Dua menit kemudian ia tak membuat kesalahan lagi ketika menyelesaikan sebuah kemelut di depan gawang Bukarest yang dimulai oleh bek kanan Tassotti. Dari jarak sangat pendek, Gullit menghantamkan kaki kanannya ke sudut gawang yang jauh dari jangkauan kiper Lung.
Jangan tanya lagi bagaimana reaksi para tifosi. Gedebam tambur, kembang api, dan sorak-sorai jauh lebih menggema, dan seperti tak akan berhenti karena memang permainan Milan begitu hidup. Gullit pun begitu cemerlang dengan kerja kaki dan kepalanya. Juga Van Basten, juga Rijkaard, juga Donadoni, juga Baresi, Ancelotti, Colombo, Tassotti, dan kiper Galli.
Hanya bek kiri Maldini yang agak kewalahan karena ke daerah itulah Bukarest lebih banyak melakukan serangan balik. Tapi, sungguh, hanya sekali kerjasama bek kanan Petrescu dan mesin gol Hagi sangat berbahaya.
Selebihnya, mereka ternyata bukan apa-apa. Beda sekali dengan Bukarest yang mengalahkan Barcelona dalam final kejuaraan Eropa 86 ataupun Bukarest yang bertarung melawan River Plate dalam perebutan Piala Toyota 86, meski pemainnya itu-itu juga.
Di Nou Camp malam itu tak nampak sama sekali ketajaman serangan Bukarest yang menempatkan Hagi dan Lacatus sebagai top-scorer dengan 6 dan 7 gol, hanya di bawah Van Basten yang sampai sebelum final itu telah mencetak 8 gol.
Dan dalam pertahanan, di kedua sayapnya maupun di jantungnya, lebih terasa lagi kelemahannya. Gullit, Basten, dan lain-lainnya seperti dibiarkan saja menerima dan menguasai bola. Kiper Lung pun amat terasa kelambatan reaksinya.

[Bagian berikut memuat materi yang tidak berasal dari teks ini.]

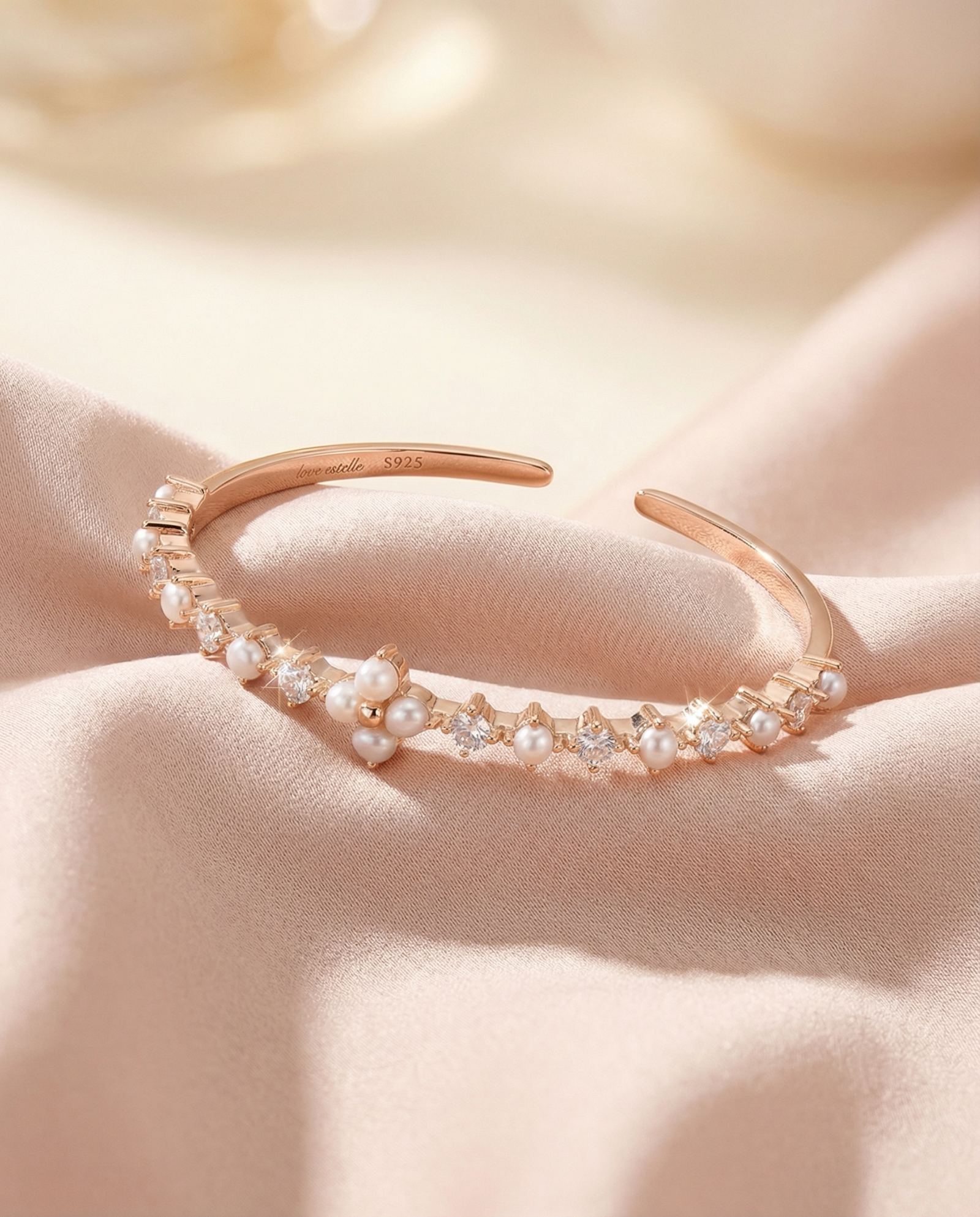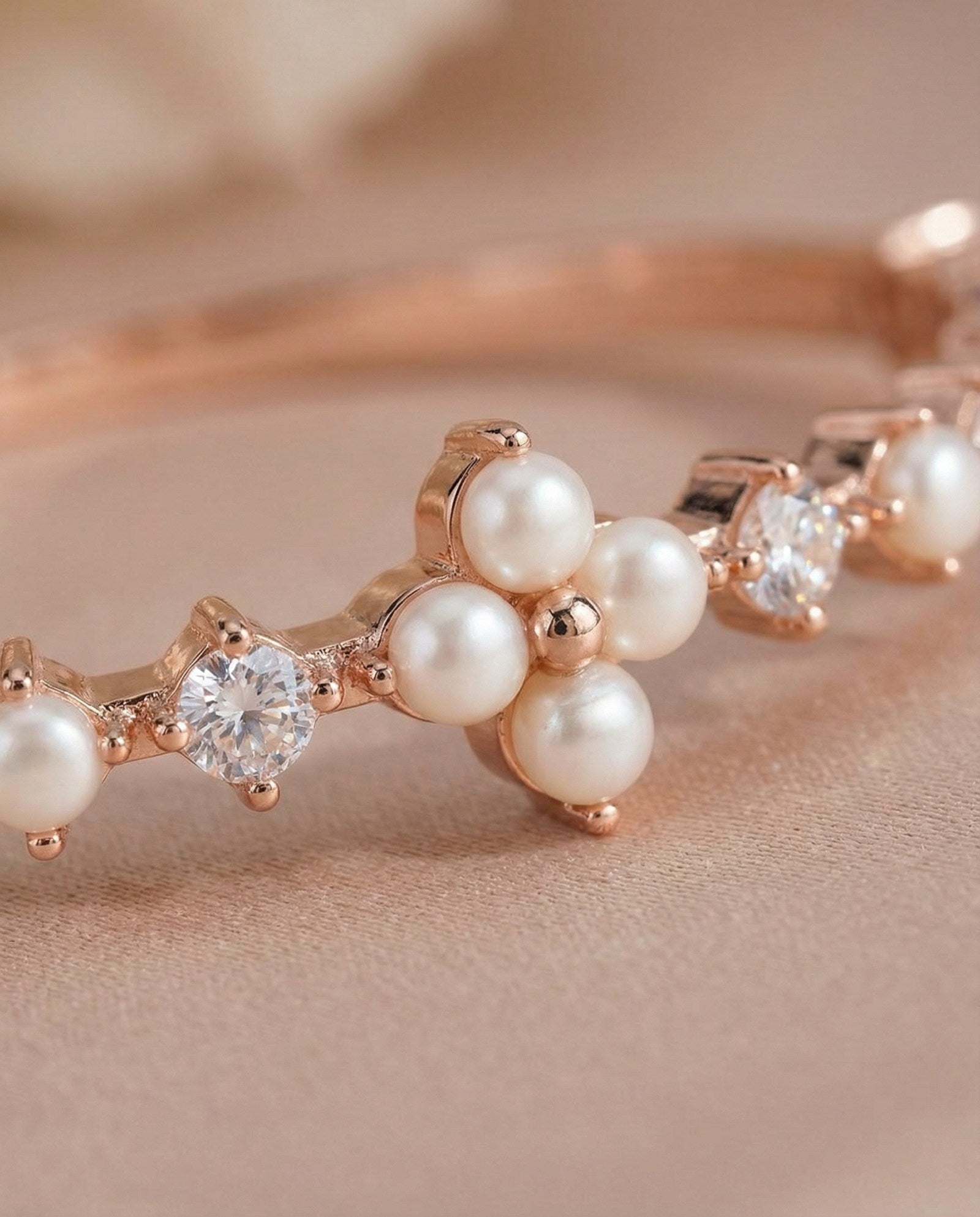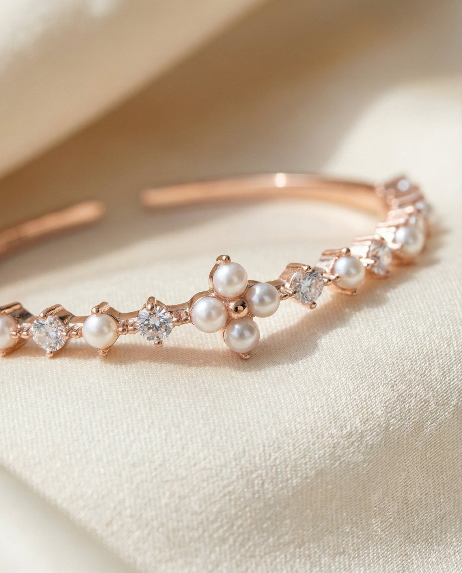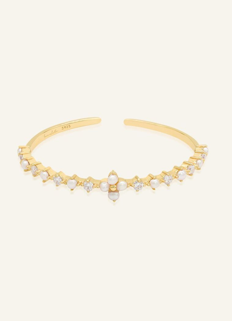 Shine bright, live light - The Clover Sparkle Cuff, dotted with pearls and moissanite magic.
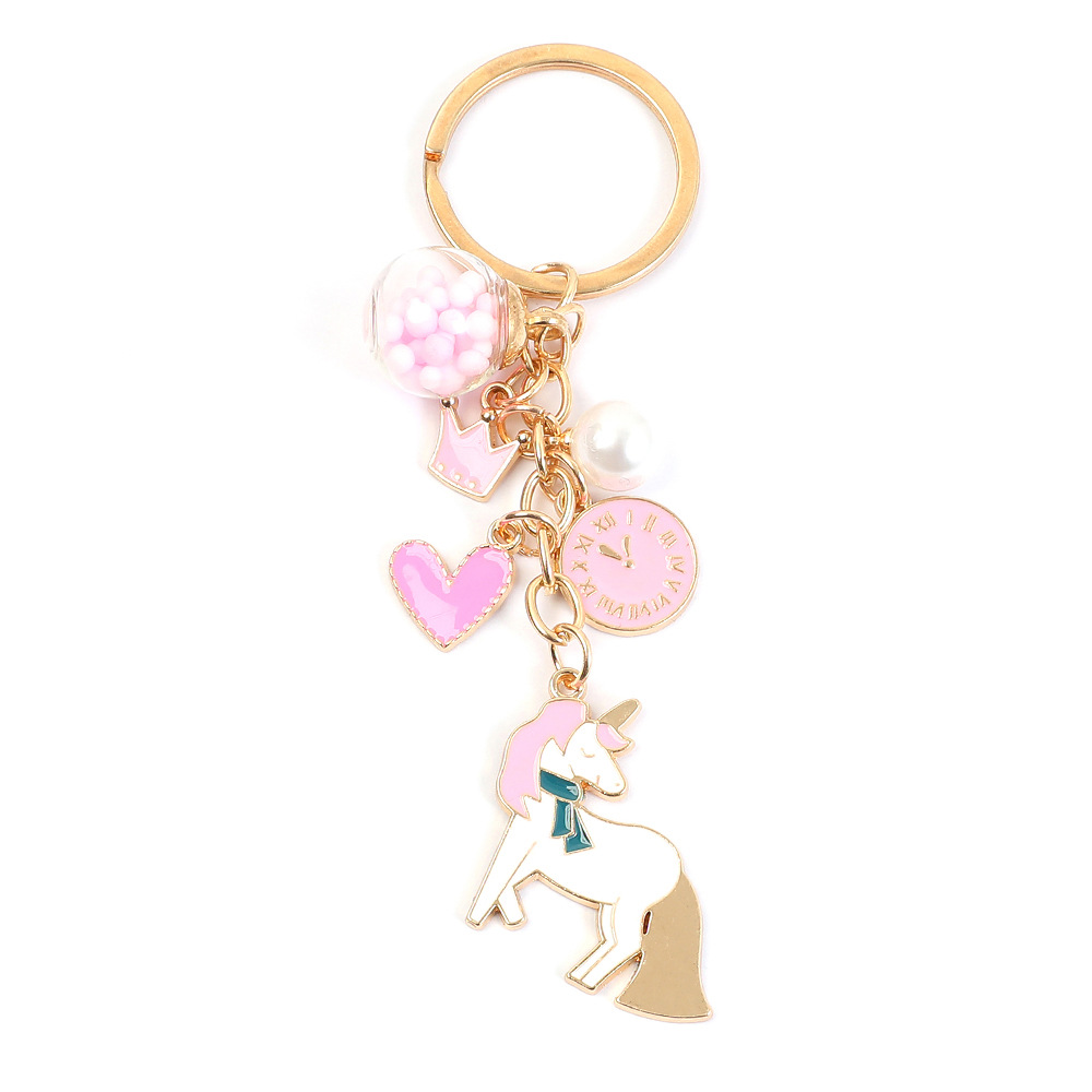 新しいホット販売ユニコーンとハート型ペンダント亜鉛合金キーホルダーラブクラウン時計ペンダント小さなギフト

Ini membuat serangan demi serangan Milan datang ganti-berganti, termasuk dari overlap Baresi dan Tassotti. Tak heran kalau kemudian tercetak tiga gol lagi, dari Van Basten dan Gullit, semuanya dengan mudah. Tak ada pemain lawan yang mengganggu kedua bintang Belanda itu sebelum menghajar gawang.
Bahkan kalau Rijkaard, Ancelotti, Donadoni, dan Virdis (yang menggantikan Gullit karena cedera lututnya kambuh pada menit 60) sedikit beruntung, bisa tercetak beberapa gol lagi.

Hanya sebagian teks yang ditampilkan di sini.